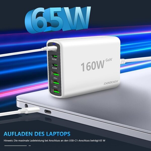 160 W Usb C laadija, 6 pordiga Usb laadija Multiple [3 Usb-c + 3 Usb-a], toiteplokk Usb Gan Iii Pd & Qc 3.0, kiire Usb C laadija, ühildub Macbook/iphone 15/14/13/12/ipad/samsung/galaxy S23
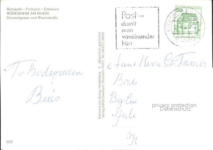 72310223 alte Postkarte Ruedesheim Rhein Drosselgasse Rheinstrasse Faehre postalisch gelaufen Erhaltung siehe scans KatCode: 11110006439013
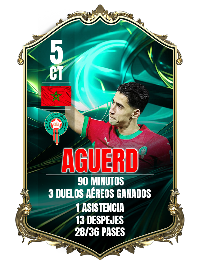 En cuanto al MVP de nuestro partido, por encima de Brahim o Abde hemos decidido elegir a Nayef Aguerd, central de Olympique de Marsella, que ha completado un partido sobresaliente y no ha dado opción alguna a los delanteros de Camerún.
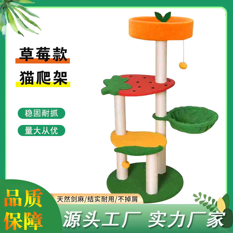ストロベリーサイザル麻キャットクライミングフレーム、キャットトイ、キャットジャンプ台、キャットネスト、キャットスクラッチャー、オールインワンキャットクライミングフレーム、キャットトイ、ストロベリースタイル
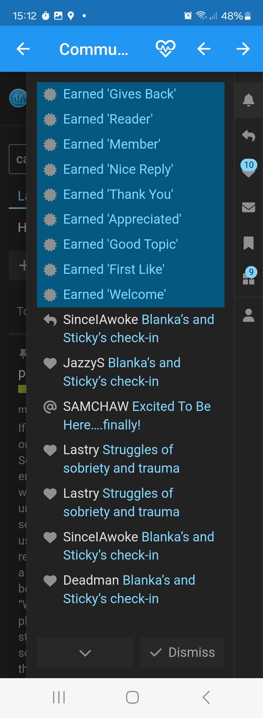 When you join the forum, the functionality available to you is limited. The more you participate, the more you are able to do here. Note that the easiest way to increase your trust level is to read lots, which is also likely to be pretty useful for your sobriety! When you achieve Regular status (Trust Level 3) you get access to the lounge which is a category that is not visible on the main forum.
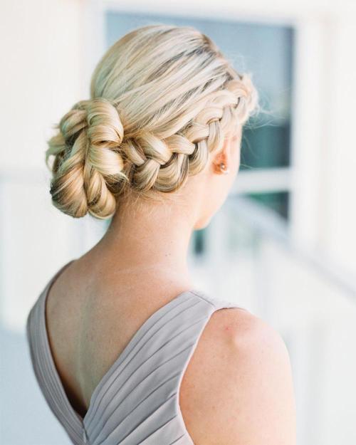 3. تسريحة الكعكة الملكية المنخفضة مع الجدائل
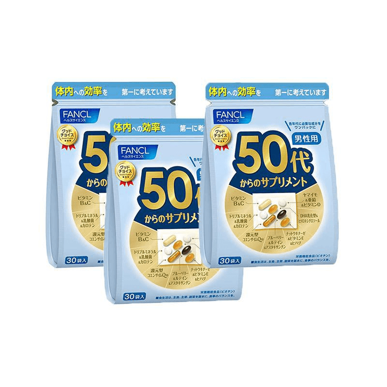 [일본 직통] FANCL 50세대/50세 성인 남성 종합비타민정 30봉*3봉 [가성비 좋은 조합]
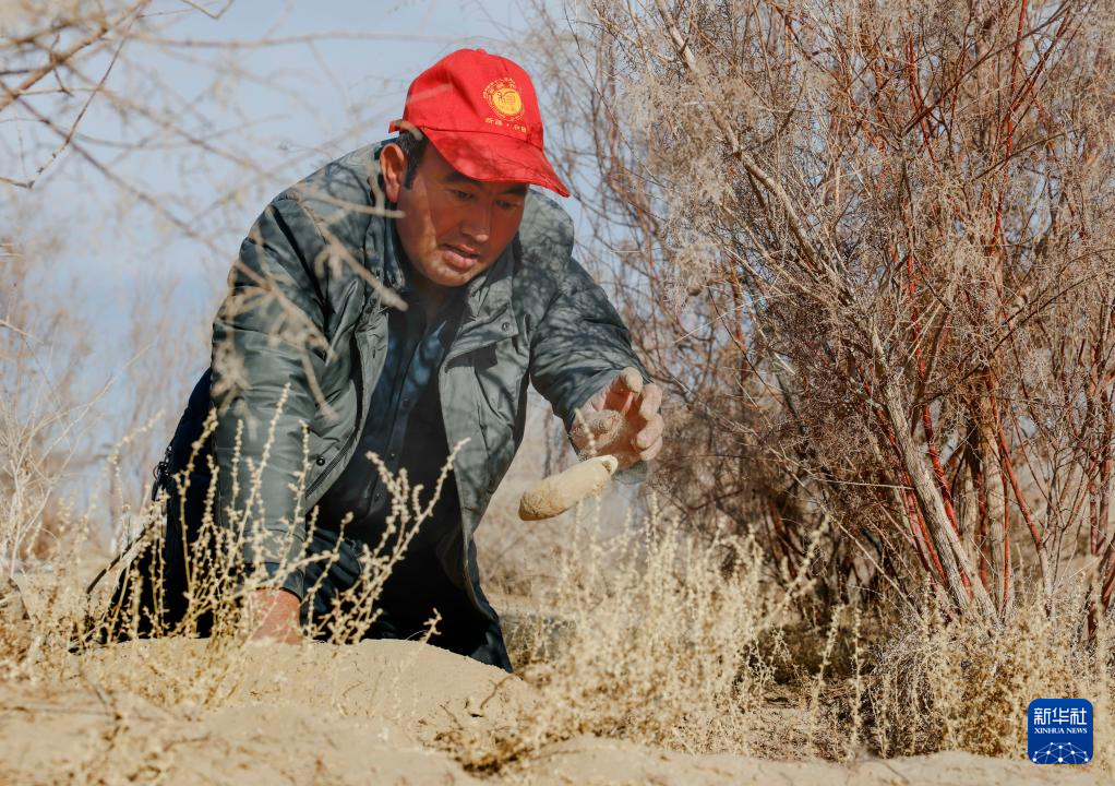麦麦提在承包的沙地里挖大芸(12月4日摄)。

• • • • • • •

**WORK REQUIRED**. Pictures aside, retype the material exactly.

**ANSWER BELOW**.
 160 W Usb C laadija, 6 pordiga Usb laadija Multiple [3 Usb-c + 3 Usb-a], toiteplokk Usb Gan Iii Pd & Qc 3.0, kiire Usb C laadija, ühildub Macbook/iphone 15/14/13/12/ipad/samsung/galaxy S23
 72310223 alte Postkarte Ruedesheim Rhein Drosselgasse Rheinstrasse Faehre postalisch gelaufen Erhaltung siehe scans KatCode: 11110006439013
 En cuanto al MVP de nuestro partido, por encima de Brahim o Abde hemos decidido elegir a Nayef Aguerd, central de Olympique de Marsella, que ha completado un partido sobresaliente y no ha dado opción alguna a los delanteros de Camerún.
ストロベリーサイザル麻キャットクライミングフレーム、キャットトイ、キャットジャンプ台、キャットネスト、キャットスクラッチャー、オールインワンキャットクライミングフレーム、キャットトイ、ストロベリースタイル
 When you join the forum, the functionality available to you is limited. The more you participate, the more you are able to do here. Note that the easiest way to increase your trust level is to read lots, which is also likely to be pretty useful for your sobriety! When you achieve Regular status (Trust Level 3) you get access to the lounge which is a category that is not visible on the main forum.
 3. تسريحة الكعكة الملكية المنخفضة مع الجدائل
 [일본 직통] FANCL 50세대/50세 성인 남성 종합비타민정 30봉*3봉 [가성비 좋은 조합]
麦麦提在承包的沙地里挖大芸(12月4日摄)。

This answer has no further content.